Yin Hujun
School of Electrical and Electronic Engineering, University of Manchester, Manchester, M60 1QD, United Kingdom.
Neural Netw. 2006 Jul-Aug;19(6-7):780-4. doi: 10.1016/j.neunet.2006.05.007. Epub 2006 Jun 6.
The kernel method has become a useful trick and has been widely applied to various learning models to extend their nonlinear approximation and classification capabilities. Such extensions have also recently occurred to the Self-Organising Map (SOM). In this paper, two recently proposed kernel SOMs are reviewed, together with their link to an energy function. The Self-Organising Mixture Network is an extension of the SOM for mixture density modelling. This paper shows that with an isotropic, density-type kernel function, the kernel SOM is equivalent to a homoscedastic Self-Organising Mixture Network, an entropy-based density estimator.

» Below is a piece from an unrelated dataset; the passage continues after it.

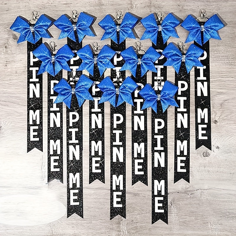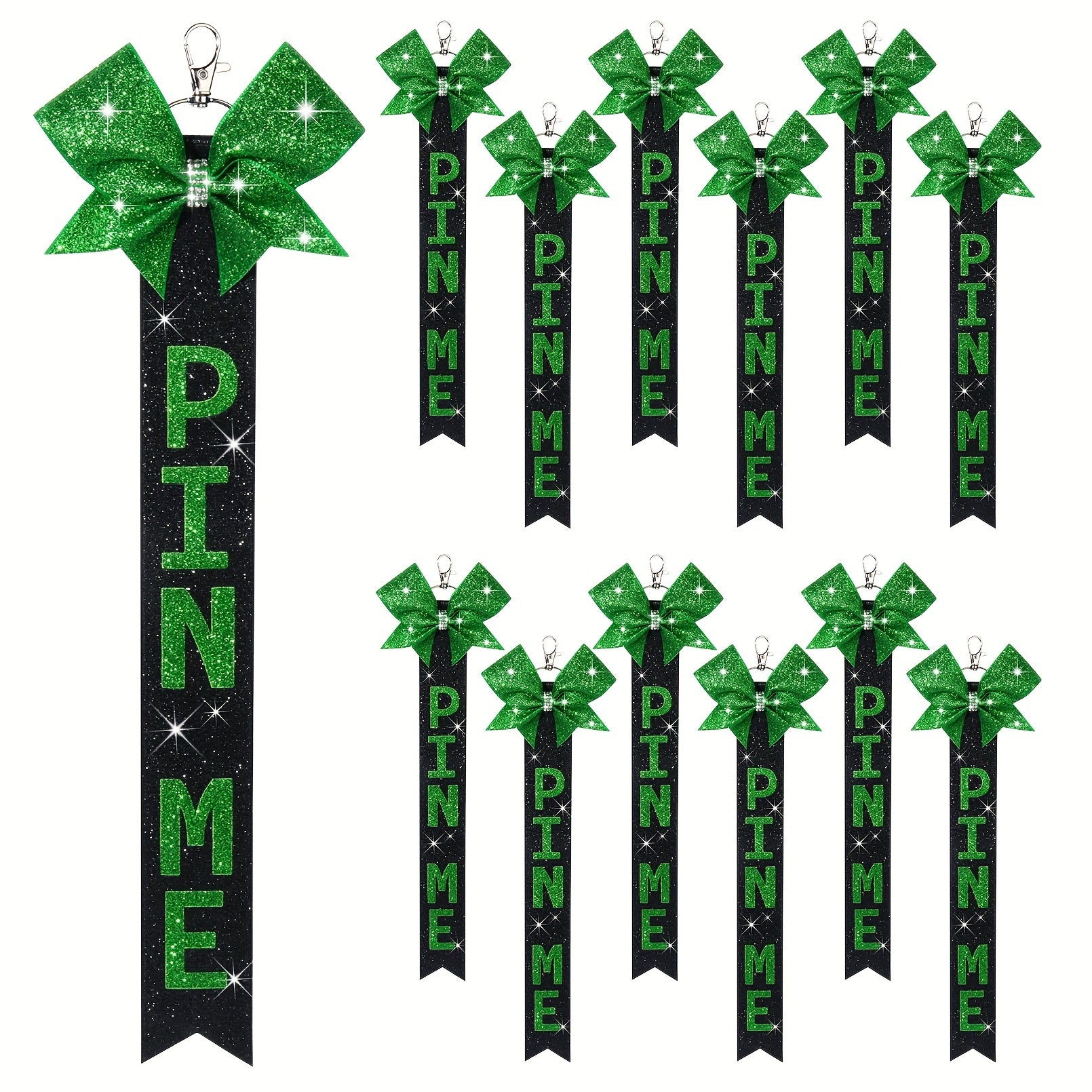 12 Sparkly Cheerleader Bow Keychains Rhinestones Glitter Ribbon for Backpacks Bags Keys

This revelation on the one hand explains that kernelising SOM can improve classification performance by acquiring better probability models of the data; but on the other hand it also explains that the SOM already naturally approximates the kernel method.
核方法已成为一种有用的技巧,并已广泛应用于各种学习模型,以扩展其非线性逼近和分类能力。自组织映射(SOM)最近也出现了这样的扩展。本文回顾了最近提出的两种核自组织映射及其与能量函数的联系。自组织混合网络是SOM在混合密度建模方面的扩展。本文表明,对于各向同性的密度型核函数,核自组织映射等同于同方差自组织混合网络,即一种基于熵的密度估计器。这一发现一方面解释了对SOM进行核化可以通过获得更好的数据概率模型来提高分类性能;但另一方面也解释了SOM已经自然地近似于核方法。